We increase weight_decay to 0.1 to observe its effect on learning and generalization.

In config/resnet18_baseline_wd01.yaml, modify weight_decay:

optimizer:
name: AdamW
options:
lr: 0.001
betas: [0.9, 0.999]
weight_decay: 0.1
amsgrad: False

As expected, test accuracy dropped to 40.12%, below the original 44.26%.

This reflects a common phenomenon:

  • For small datasets like CIFAR-100, overly strong regularization can suppress the model’s ability to fit the training distribution sufficiently, causing it to converge prematurely before learning discriminative features, ultimately hurting generalization.

Label Smoothing: Acc = 44.81%

Now we try Label Smoothing to improve generalization.

Label Smoothing converts one-hot class labels into smoothed distributions to reduce overfitting.

We configure this in config/resnet18_baseline_lbsmooth.yaml:

It’s simple to use—just add label_smoothing to the loss function:

loss_fn = nn.CrossEntropyLoss(label_smoothing=0.1)

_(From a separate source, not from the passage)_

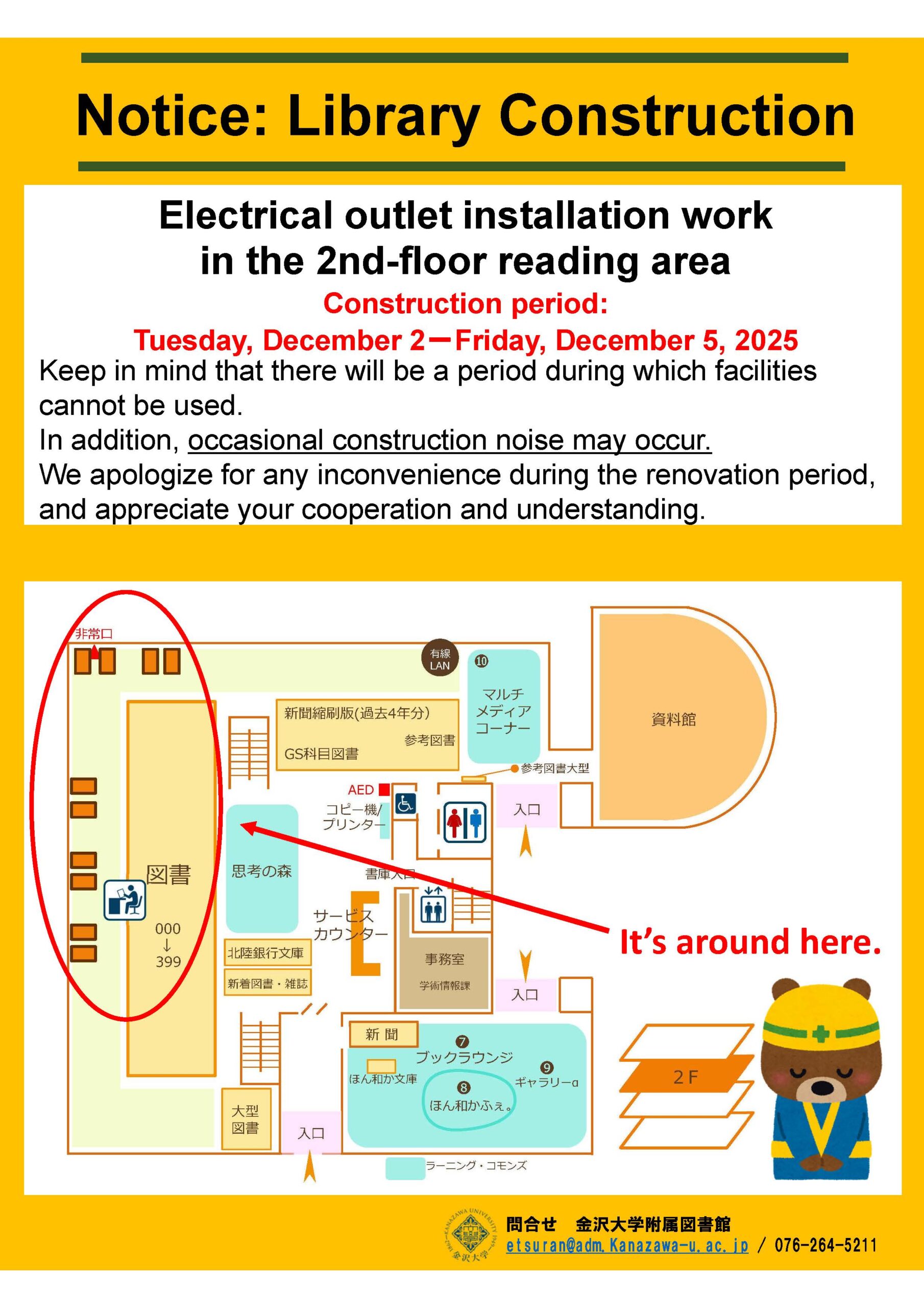 The Central Library will undergo electrical outlet installation work on the following dates.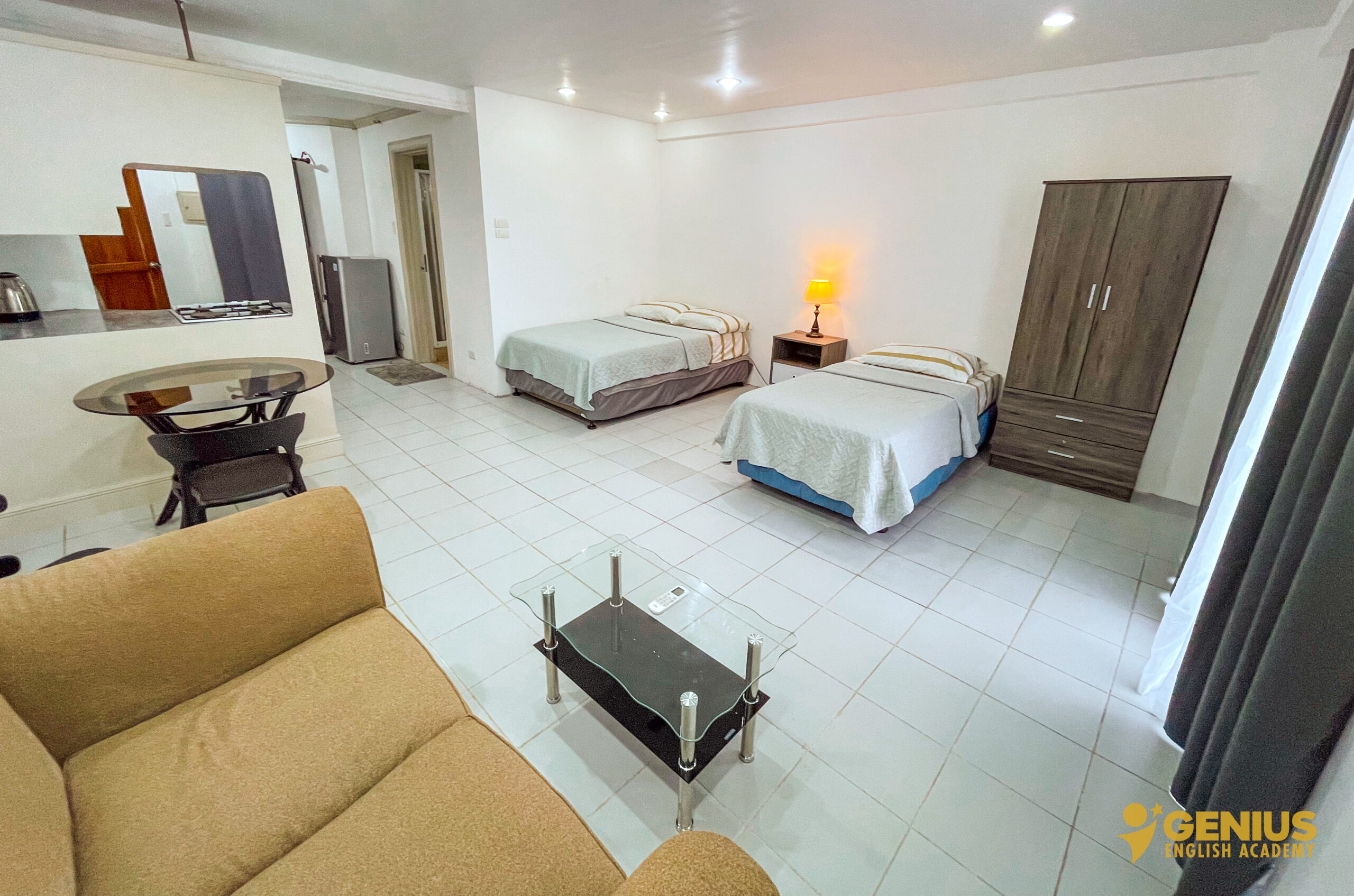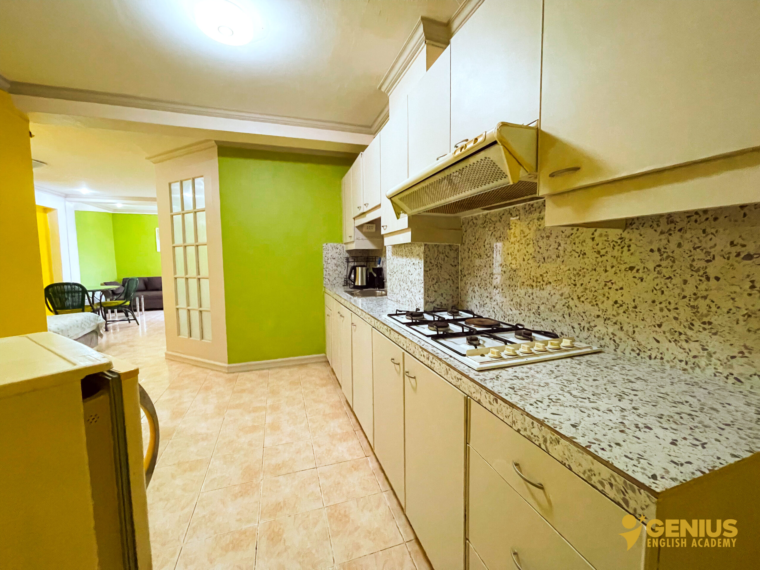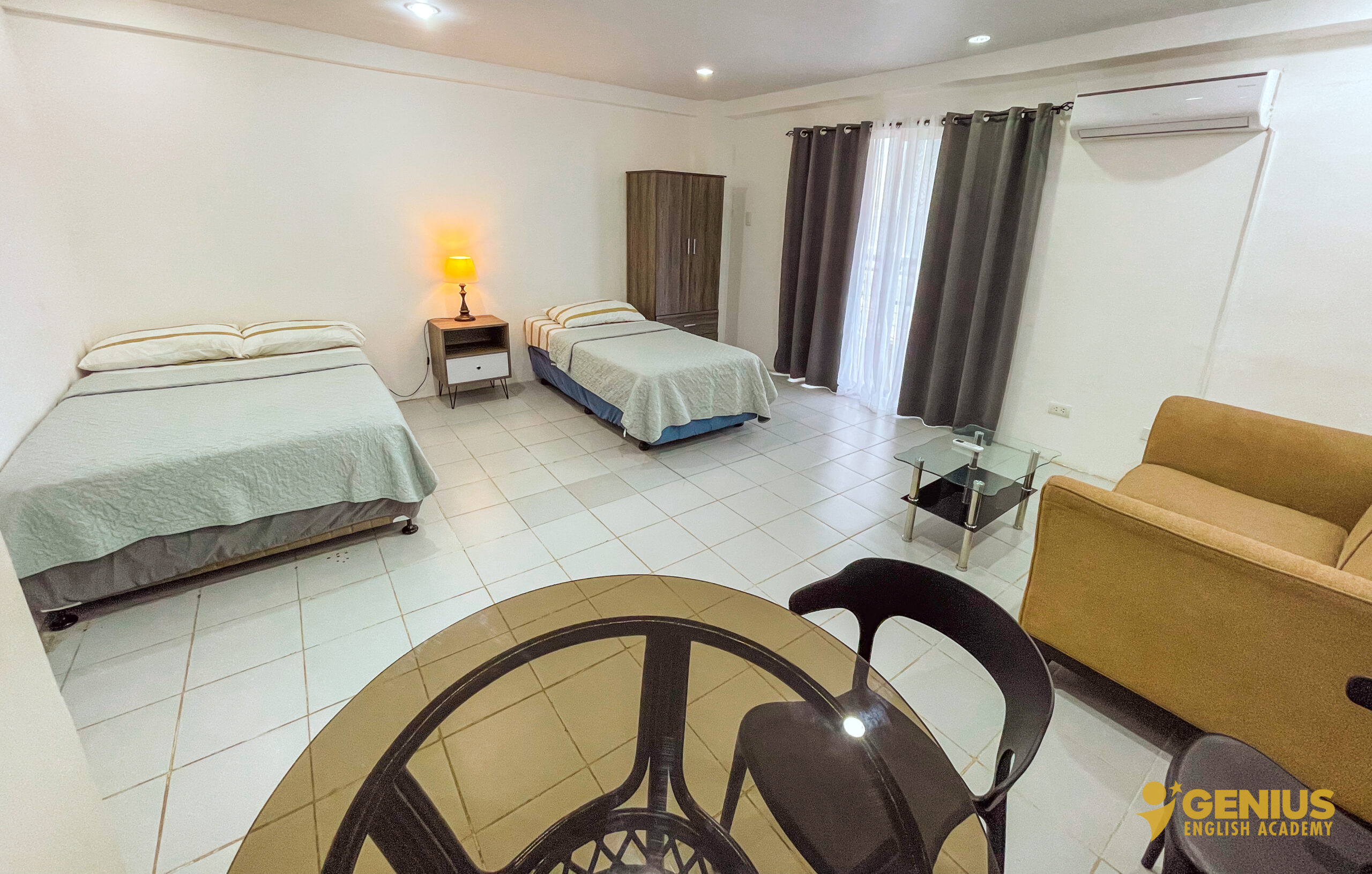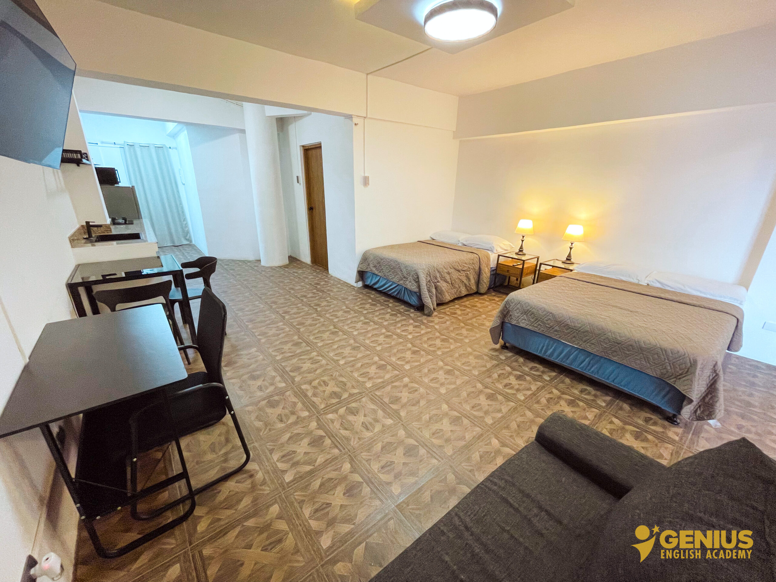 Genius English Academy-ийн өрөөнүүд нь тухтай бөгөөд бие даан суралцах орчинг бүрдүүлэх зорилгоор нягт нямбай зохион байгуулсан. Өрөө тус бүр хувийн гал тогоо, хөргөгч, агааржуулагч, Wi-Fi, болон амралтанд зориулагдсан өргөн тагттай. Халуун хүйтэн усны шүршүүр, мөн ус буцалгагч, сейф зэрэг нь нэмэлтээр хангагдана. Цэвэр усаар хязгааргүй хангадаг тул та байнга цэвэр усаа дүүргэх боломжтой. Гэрийн тав тухыг оюутны амьдралын чөлөөтэй хэв маягтай хослуулсан эдгээр өрөөнүүд нь оюутан болон гэр бүлд зориулсан тохилог, ая тухтай амьдрах орчны төгс шийдэл юм.

Experiment results show the model reached 44.81% test accuracy at epoch 59, surpassing the previous 44.26%, and achieving this accuracy more than 100 epochs earlier.

This shows Label Smoothing effectively reduces overfitting and improves generalization for this task.

Ultimately, Data Is Still Insufficient

By this point in the experiments, we can draw a realistic conclusion:

Some problems cannot be solved by model design or hyperparameter tuning alone.

Take CIFAR-100 as an example: although it has a decent number of samples, the resolution is low, semantic information is sparse, and each class has limited samples. These data characteristics make it difficult for the model to learn discriminative features with strong generalization ability.

From a practical perspective, the most direct solution is: increase the data.

However, data collection is often a costly endeavor.

In many application scenarios, data is hard to obtain, and labeling is time-consuming and labor-intensive. This has long been a core bottleneck for deep learning deployment. Therefore, a more common and pragmatic choice in practice is: Transfer Learning.

Through transfer learning, we do not need to train a model from scratch. Instead, we leverage models pretrained on large-scale datasets (such as ImageNet) as backbones, then fine-tune them on the target task.

This strategy has multiple advantages:

  • Faster Convergence: Initial weights already contain semantic features, helping the model quickly find a learning direction.
  • Improved Performance: Even with limited target data, the model can fully utilize general representations.
  • Reduced Overfitting: Pretrained models provide a stable starting point, resulting in better generalization.

Next, we will test using pretrained models provided by timm to see how this works in practice.

info

What is timm?

This package is well-known in the deep learning community.

timm is a PyTorch model library that offers a large collection of pretrained models and utilities, enabling users to quickly implement various deep learning tasks. It includes many state-of-the-art model architectures and training techniques, especially suitable for image classification, object detection, and related tasks.

Pretrained Weights: Acc = 56.70%

Continuing from the Baseline settings, we temporarily avoid using label_smoothing or other regularization techniques, focusing solely on the backbone’s pretrained weights.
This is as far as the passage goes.